-- Data for this task follows --

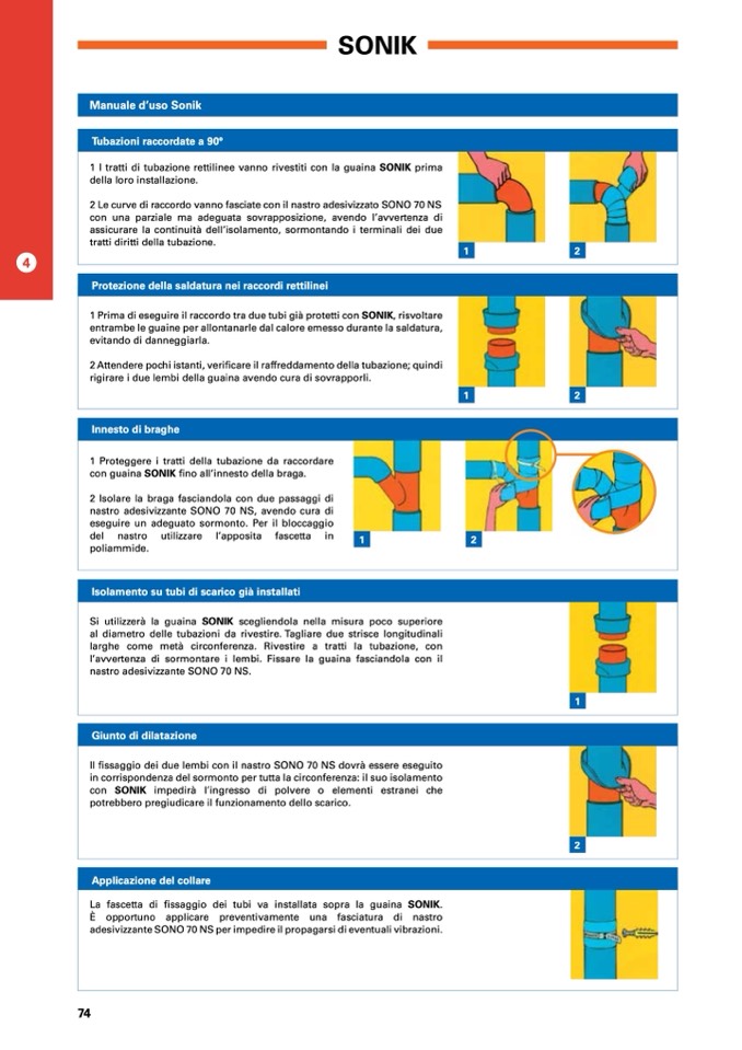 2 Le curve di raccordo vanno fasciate con il nastro adesivizzato SONO 70 NS
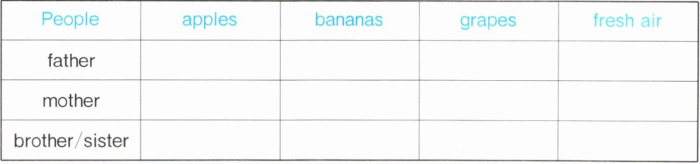 3. 示例(根据实际调查结果填写,此处以常见情况为例):假设father喜欢apples和fresh air,mother喜欢bananas和fresh air,brother/sister喜欢grapes和fresh air。
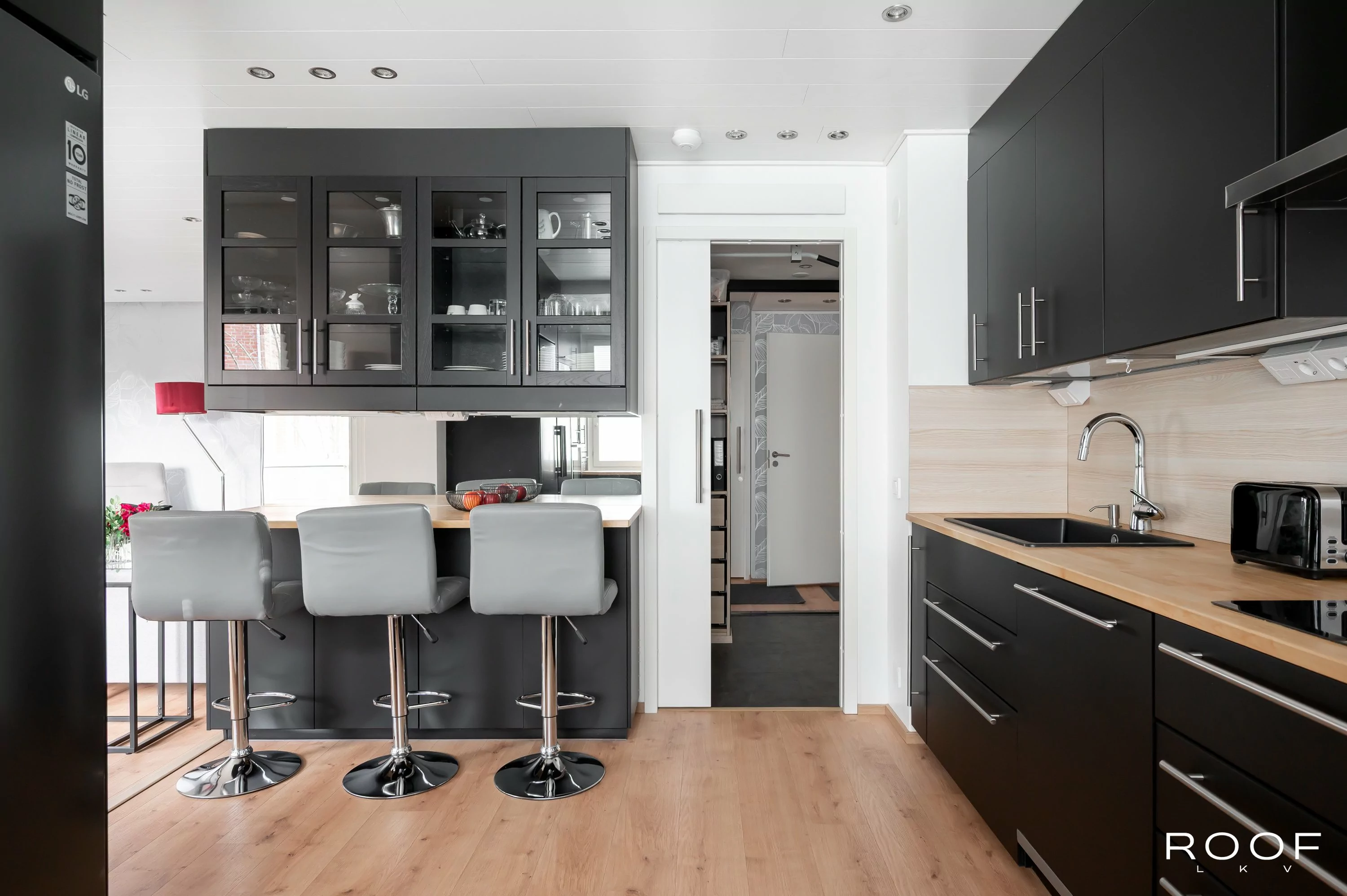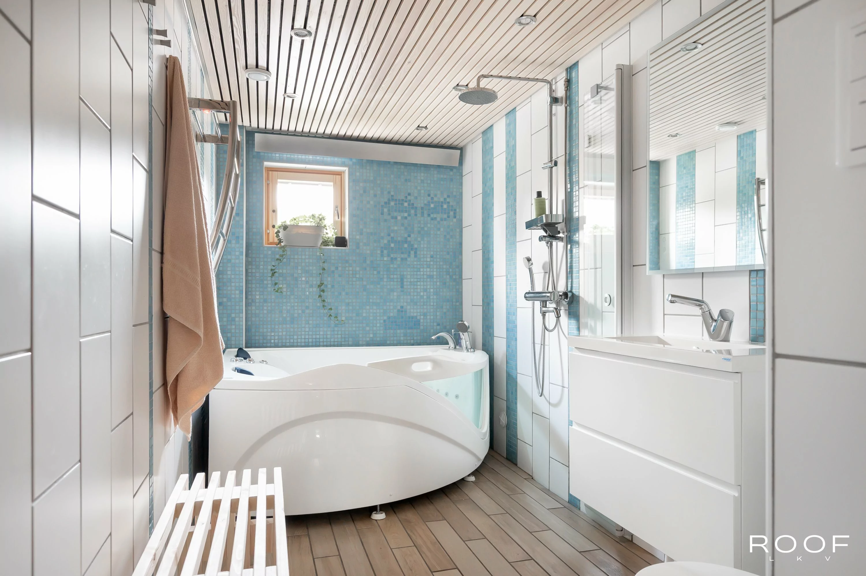 Remontissa on kiinnitetty erityistä huomiota laatuun ja toimivuuteen: erilliseen WC:hen on lisätty kodinhoitohuonenurkkaus, kylpyhuonetta on laajennettu ja varustettu kylpyammeella sekä lattialämmityksellä. Koko huoneistoon on asennettu äänieristetty alaslaskettu katto ja väliseiniin äänieristeet. Kaapelointi on uusittu ja jokaisesta huoneesta löytyy CAT-6a Ethernet-li...
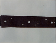Keterangan artifak: Lubang-lubang pada besi ini bertindak sebagai acuan untuk membuat pasak.
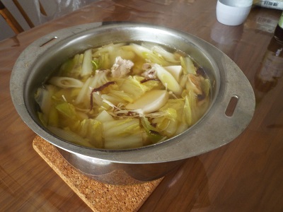 ということでお昼は鍋にしました。白菜はくたくたになるまで煮込んで、鶏つくねと鶏肉をダブルで入れています。
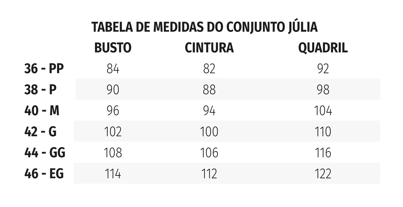 Esta é a tabela de medidas da peça pronta, tire as medidas do seu corpo e compare com a tabela para escolher o melhor tamanho pra você.
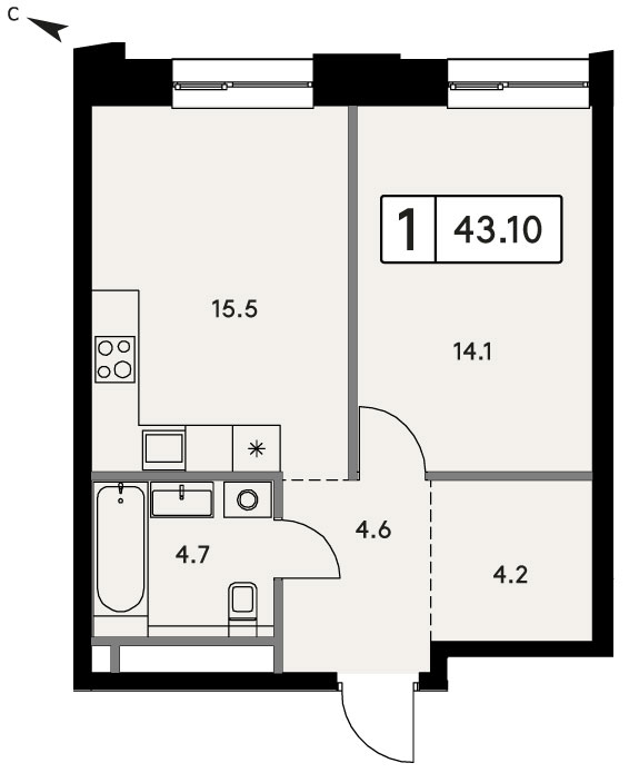 В продаже 2-комнатная квартира без отделки на 25 этаже, Корпус 1.
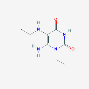 The synthesis of 6-Amino-1-ethyl-5-(ethylamino)-1,2,3,4-tetrahydropyrimidine-2,4-dione typically involves the condensation of ethylurea with ethyl acetoacetate, followed by cyclization under acidic conditions. The optimal reaction conditions include a temperature range of 50-70°C and a slightly acidic pH, ensuring efficient ring closure.
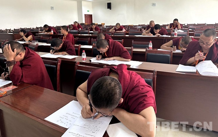 圖為中國藏語系高級佛學(xué)院2023年“拓然巴”高級學(xué)銜班招生考試(西藏)考點的筆試現(xiàn)場
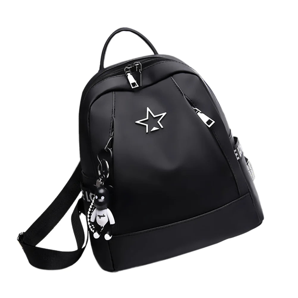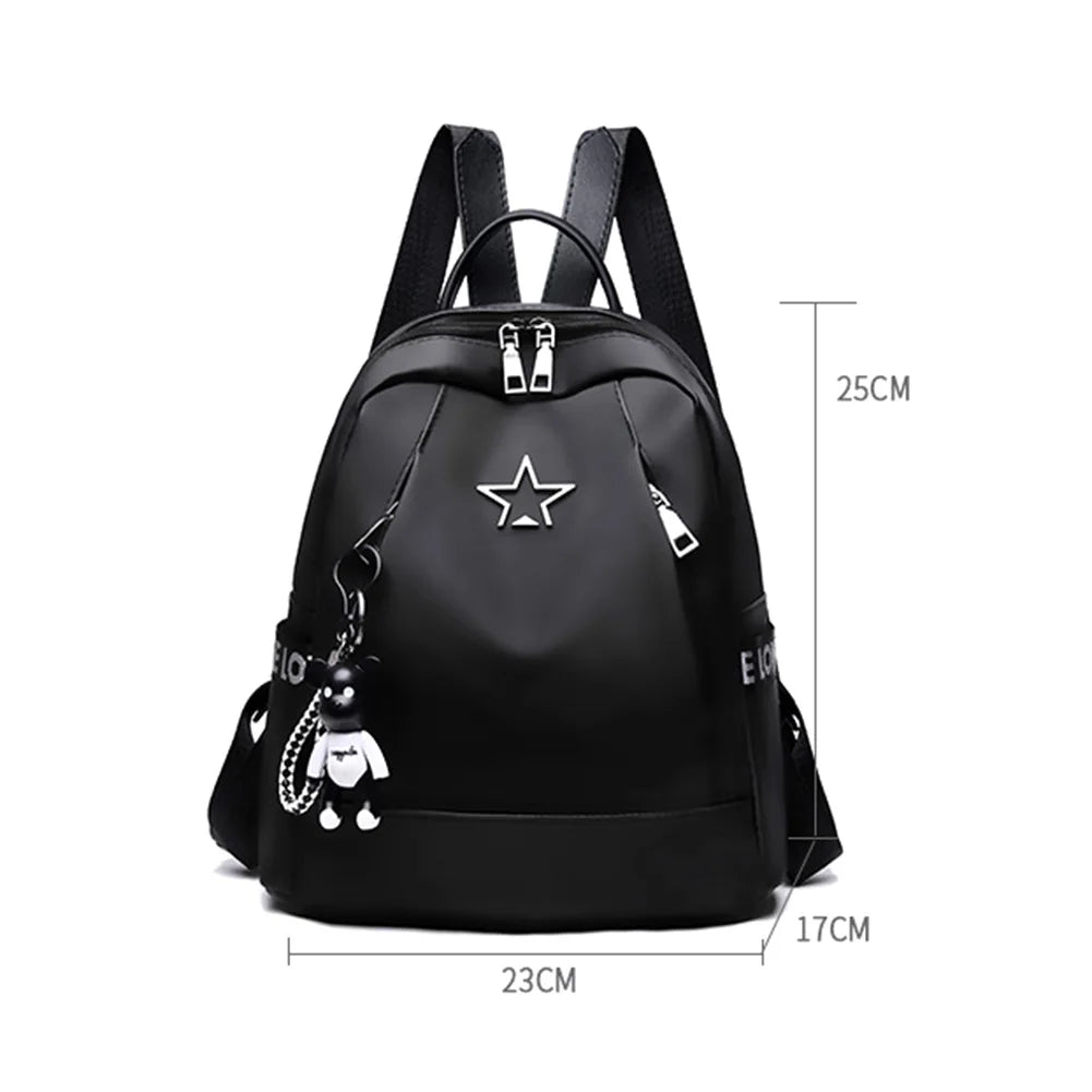 Women's Oxford Backpack School Travel Shoulder Bag with Bear Pendant

-- Data for this task concluded --

**Work order:** All of the records should be output exactly as they stand, with pictures omitted.

**Task response:**
 2 Le curve di raccordo vanno fasciate con il nastro adesivizzato SONO 70 NS
 3. 示例(根据实际调查结果填写,此处以常见情况为例):假设father喜欢apples和fresh air,mother喜欢bananas和fresh air,brother/sister喜欢grapes和fresh air。
 Remontissa on kiinnitetty erityistä huomiota laatuun ja toimivuuteen: erilliseen WC:hen on lisätty kodinhoitohuonenurkkaus, kylpyhuonetta on laajennettu ja varustettu kylpyammeella sekä lattialämmityksellä. Koko huoneistoon on asennettu äänieristetty alaslaskettu katto ja väliseiniin äänieristeet. Kaapelointi on uusittu ja jokaisesta huoneesta löytyy CAT-6a Ethernet-li...
Keterangan artifak: Lubang-lubang pada besi ini bertindak sebagai acuan untuk membuat pasak.
 ということでお昼は鍋にしました。白菜はくたくたになるまで煮込んで、鶏つくねと鶏肉をダブルで入れています。
 Esta é a tabela de medidas da peça pronta, tire as medidas do seu corpo e compare com a tabela para escolher o melhor tamanho pra você.
 В продаже 2-комнатная квартира без отделки на 25 этаже, Корпус 1.
 The synthesis of 6-Amino-1-ethyl-5-(ethylamino)-1,2,3,4-tetrahydropyrimidine-2,4-dione typically involves the condensation of ethylurea with ethyl acetoacetate, followed by cyclization under acidic conditions. The optimal reaction conditions include a temperature range of 50-70°C and a slightly acidic pH, ensuring efficient ring closure.
 圖為中國藏語系高級佛學(xué)院2023年“拓然巴”高級學(xué)銜班招生考試(西藏)考點的筆試現(xiàn)場
 Women's Oxford Backpack School Travel Shoulder Bag with Bear Pendant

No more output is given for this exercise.